The power and weakness of interdisciplinarities

Reyers et al. (2011) refers to a continuum of ways to studying complex objects and events. It starts with “disciplinarity.” This involves studying an object or event using concepts and methods of “monodisciplines”. Monodisciplines are “specializations in isolation”.

Disciplinarity may widen into “multidisciplinarity” representing “more than one discipline being studied or applied without actually integrating the disciplines.” Multidisciplinarity refers to “cooperation [among certain disciplines] with low degree of exchange between the disciplines”.

The continuum ends with “interdisciplinarity”. This involves “cross-disciplinary cooperation feeding back into disciplinary knowledge”. It has the capacity to bridge “disciplinal divides” that seem to always haunt academic specializations.

Interdisciplinarities are described by Reyers et al. as methodological constructs in a four-tier hierarchy of knowledge. “All levels of the hierarchy are coordinated on the basis of an over-all purpose.”

The first tier is the “empirical” disciplines. It includes “the basic life, earth, social and human sciences which use logic as their organizing language and usually claim objectivity” (c.f. Jantsch 1972). “Cooperation between several empirical disciplines” create “interdisciplinarities.”

Interdisciplinarities build up higher levels of the hierarchy. The second level is the “pragmatic”. This “uses the language of cybernetics, the science of regulation and control, as its organizing language” (c.f. Jantsch 1972).

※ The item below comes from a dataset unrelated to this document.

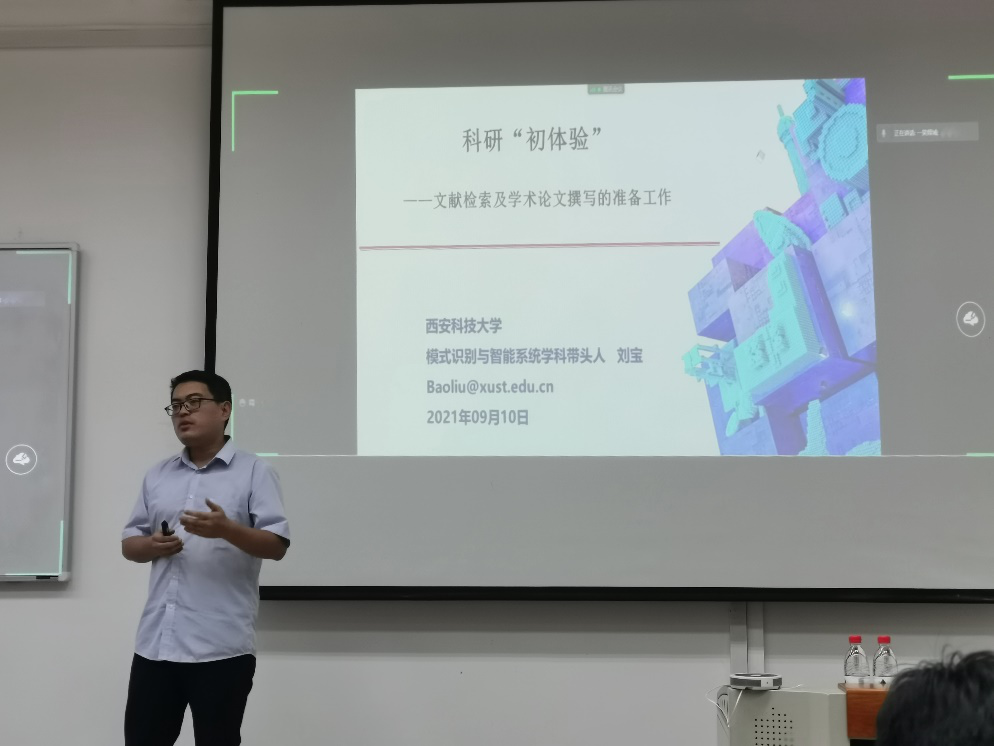 2021年9月10日,澳门网投十大信誉平台在3号教学楼408室组织召开第一次研究生入学教育系列活动。电控学院模式识别与智能系统学科带头人刘宝老师为全体2021级新生做了题为《科研“初体验”——文献检索及学术论文撰写的准备工作》的讲座。研究生辅导员李逸老师参加,学院副院长潘红光老师主持活动。
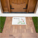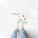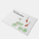 A white doormat featuring an idyllic Zen watercolor painting of two koi in a koi pond with white water lilies and water lily pads, with the customizable word "Welcome" on the left.

It includes “applied or sectoral interdisciplines like forestry, engineering and architecture which are informed by the underlying empirical disciplines, while providing them (that is, the empirical disciplines) with direction and coordination” (c.f. Max-Neef 2005). In this level of the hierarchy, “vertical cooperation and coordination required by pragmatic interdisciplines demand close collaboration between empricial- and pragmatic- level practitioners – equivalent to an interdisciplinary research program of universities, research institutions and sectoral agencies jointly generating knowledge and understanding.”

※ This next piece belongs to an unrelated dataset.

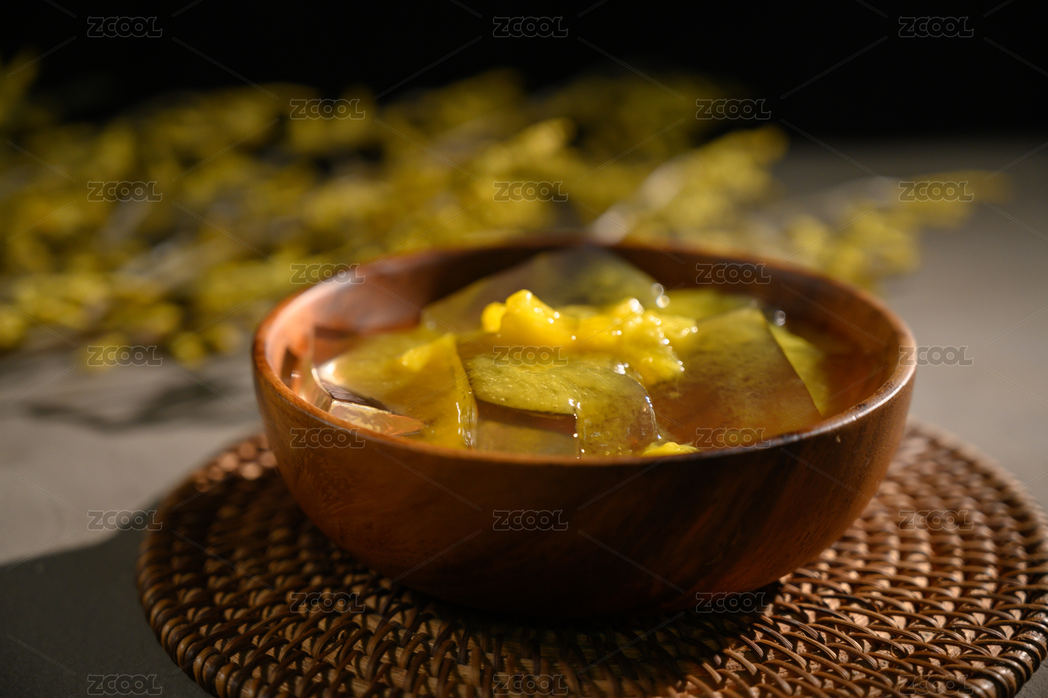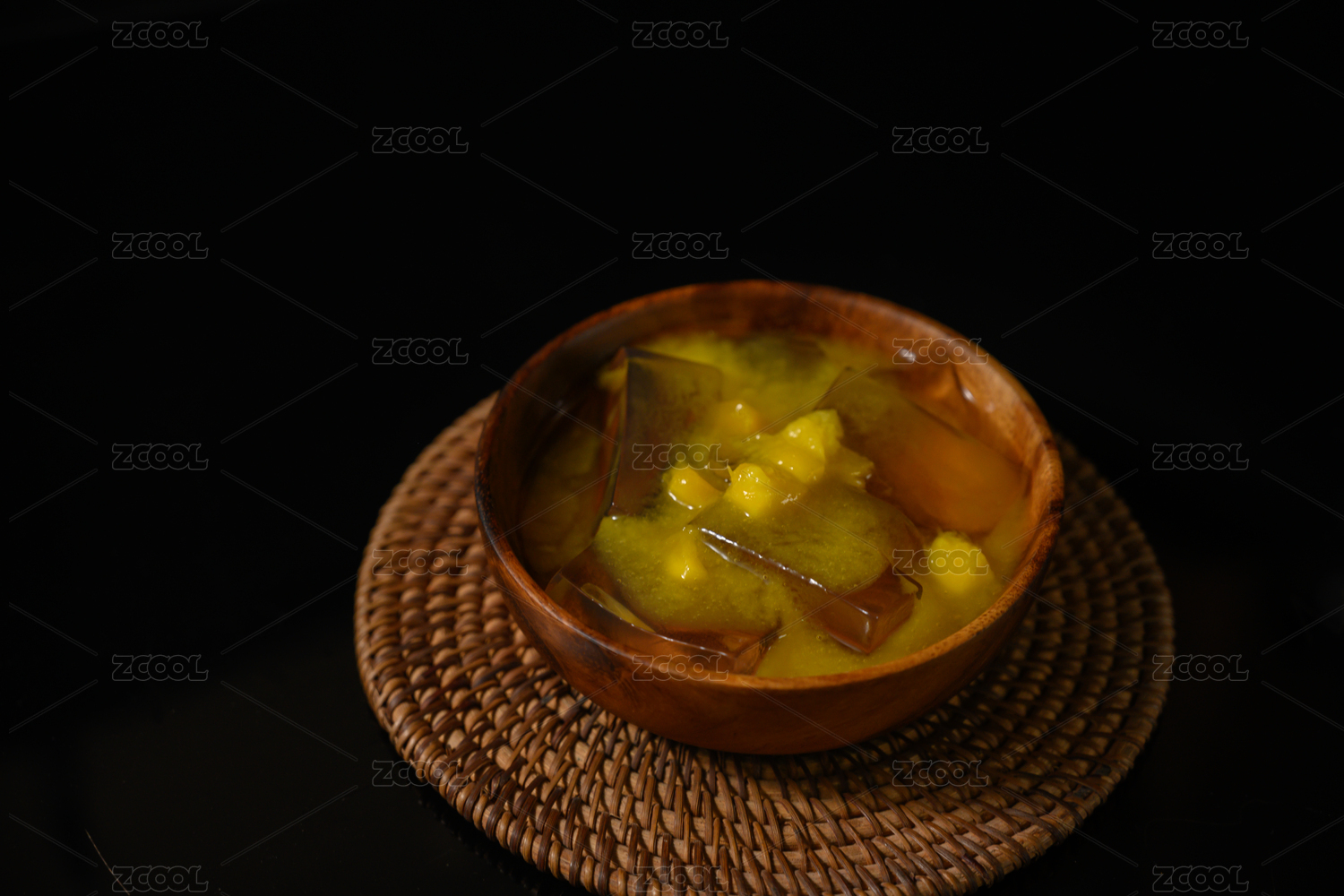 桌面上的碗里的美味可口的芒果凉粉

The third level is the “normative”. This level “uses planning as its organizing language and deals with the design of social systems including policy, planning and law.” This level combines knowledge from the second (“pragmatic”) level. Here, interdisciplines provide the knowledge aggregates with which “humans shape their own and the earth’s future” (c.f. Jantsch 1972).

The fourth level is the “purposive” (or “level of meaning”). It “introduces values into the interdisciplinary structuring of the normative (third level) disciplines.” Here, the “organizing language should be anthropology at its most profound” which Jantsch (1972) says is a “science of creating an anthropomorphic world where humans can survive changing environments.” (Figure 2).

Image

Figure 2. The four-tier knowledge hierarchy described by Reyers et al. 2011

Interdisciplinarity occurs when concepts and information freely flows between “interdisciplines” within and across the four tiers of the knowledge hierarchy. This concept of a hierarchy of aggegations of knowledge lends epistemological and methodological basis for interdisciplinary integration in the study and understanding of complex entities like the Philippines.

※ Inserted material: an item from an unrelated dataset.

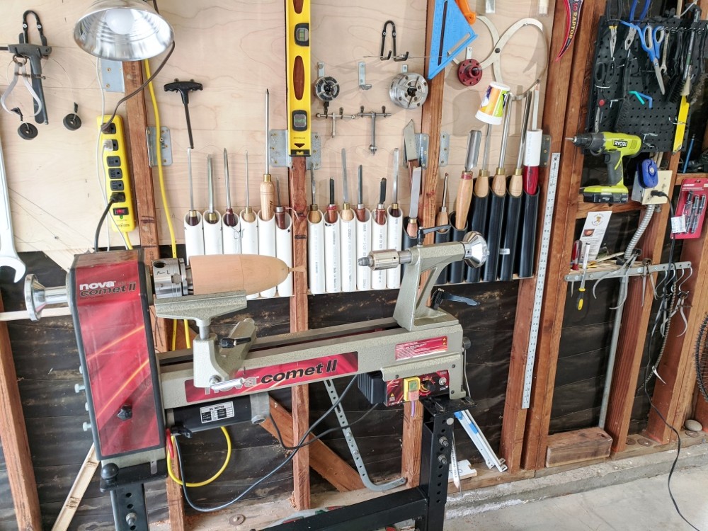 Figure 4 - Turning side of garage with lathe, chisels, lighting, calipers, chucks, etc.

The power of interdisciplinarity lies in its systemic horizontal and vertical fusing of disciplinal theories, methods and evidence into wide aggregates of knowledge generation and applications. This makes interdisciplinarity ripe for obtaining a comprehensive understanding of complex phenomena, like the Philippines. It lends to achieving high external validity of findings. But it has a weakness. It is sparse on theories and methods to build up its epistemological foundations. But only for now. Frodeman believes that the rising pressures on discipline-focused knowledge to extend their analytical reach will eventually lead to “integration of disciplinary approaches and discipline-based methodologies.”

 

So how might we understand the Philippines?

There is a Philippine folk song called “Bahay Kubo”.[5]  It describes a small nipa hut amid a garden of many kinds of vegetables. It may have been intended to paint a picture of rustic rural life in the Philippines and of our country rich in natural bounty. It paints a picture of clean, healthy, innocent and uncomplicated living in our islands.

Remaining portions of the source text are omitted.